So, Oops!  Someone included the same column in the data twice, but with slightly different names. Why waste the space?  Why risk confusion?  Let's get rid of one of them:

We could do:


In [13]:
# deletes the series in-place. Can only operate on one item at a time
del xyzcust10['ZIP9_Supercode']
del xyzcust10['test']

del xyzcust10rev1['ZIP9_Supercode']
del xyzcust10rev1['test']

or

In [16]:
# Pandas drop command
xyzcust10red.drop(['ZIP9_Supercode','test'], axis=1, inplace=True)
xyzcust10red.info()

KeyError: "['ZIP9_Supercode' 'test'] not found in axis"

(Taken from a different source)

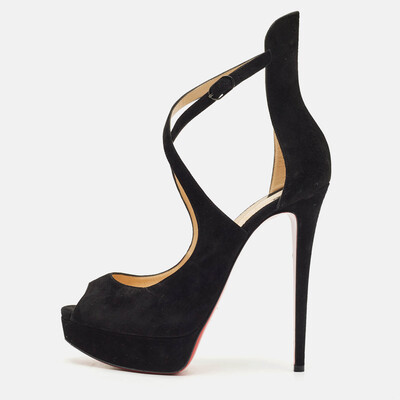 Christian Louboutin Black Suede Marlenalta Platform Sandals Size 41 1153349 (чёрный, lpn29894007)

Let's next look at xyz transactional data that is in a table in a SQLite3 relational database (“RDB”) file that's called xyz.db.  You should have put the xyz.db file you downloaded from Canvas in the same directory as your python code.

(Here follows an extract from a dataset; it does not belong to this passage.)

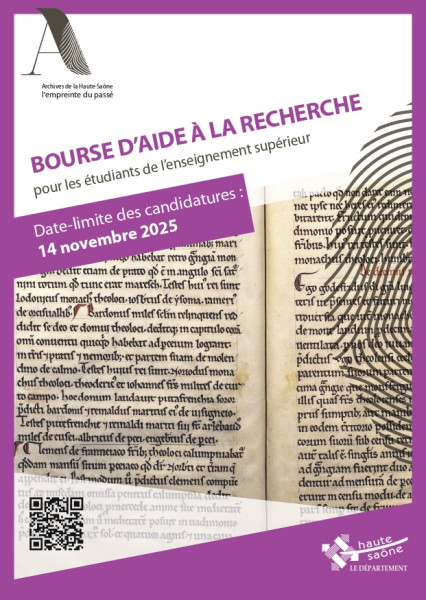 Les Archives départementales de la Haute-Saône sont encore riches de fonds inexploités par la recherche scientifique. Conscient de cet enjeu pour une meilleure connaissance de l’histoire de la Haute-Saône et pour la mise en valeur de ses territoires, le Département souhaite soutenir les recherches menées par des étudiants de master et de doctorat par l’attribution d’une bourse spécifique.

You can use os.getcwd() to see your current directory.

In [17]:
os.getcwd()

'/Users/gurjy/Downloads/Exercise 3 2020 version 1'

If you installed the sqlite3 client, you can take a look at this database (“DB”) without using Python. sqlSQLite3 is a very simple and easy to use RDB, and it doesn't require a server.  Assuming that you've installed it and that you're in the directory where you put xyz.db, using the command from your OS command prompt:

c:\Users\Sharon\Desktop\MSDS 420\Mod 5 Exercise 3>sqlite3 xyz.db
SQLite version 3.21.0 2017-10-24 18:55:49
Enter ".help" for usage hints.
sqlite>

will start sqlite3 and open the db file.  You can see the tables in this db with the sqlite3 command .tables .  (That's a period, “.” before tables. “Help” in sqlSQLite3 is .help  .)

sqlite> .tables
xyztrans
sqlite> 


There are a couple of different ways to read and write data to RDBs using Python, but the most flexible and easiest may be by using what's in pandas.  Pandas will make use of the SQLAlchemy package. SQLAlchemy provides a consistent interface with different RDBs, SQLite being one of them.

Let's get SQLAlchemy into our IPython session:


In [18]:
import sqlalchemy
from sqlalchemy import create_engine

Now let's specify the xyz db as the SQLite3 RDB we want to work with:

In [19]:
engine = create_engine('sqlite:///xyz.db')

This assumes that you have xyz.db in your current working directory.  There are different valid syntaxes, e.g.

sqlite:///:memory: (or, sqlite://) 
sqlite:///relative/path/to/file.db 
sqlite:////absolute/path/to/file.db 

We used the second syntax, above.  Be sure to use the correct number of slashes for the version you want to use.  You need the enclosing single quotes, too.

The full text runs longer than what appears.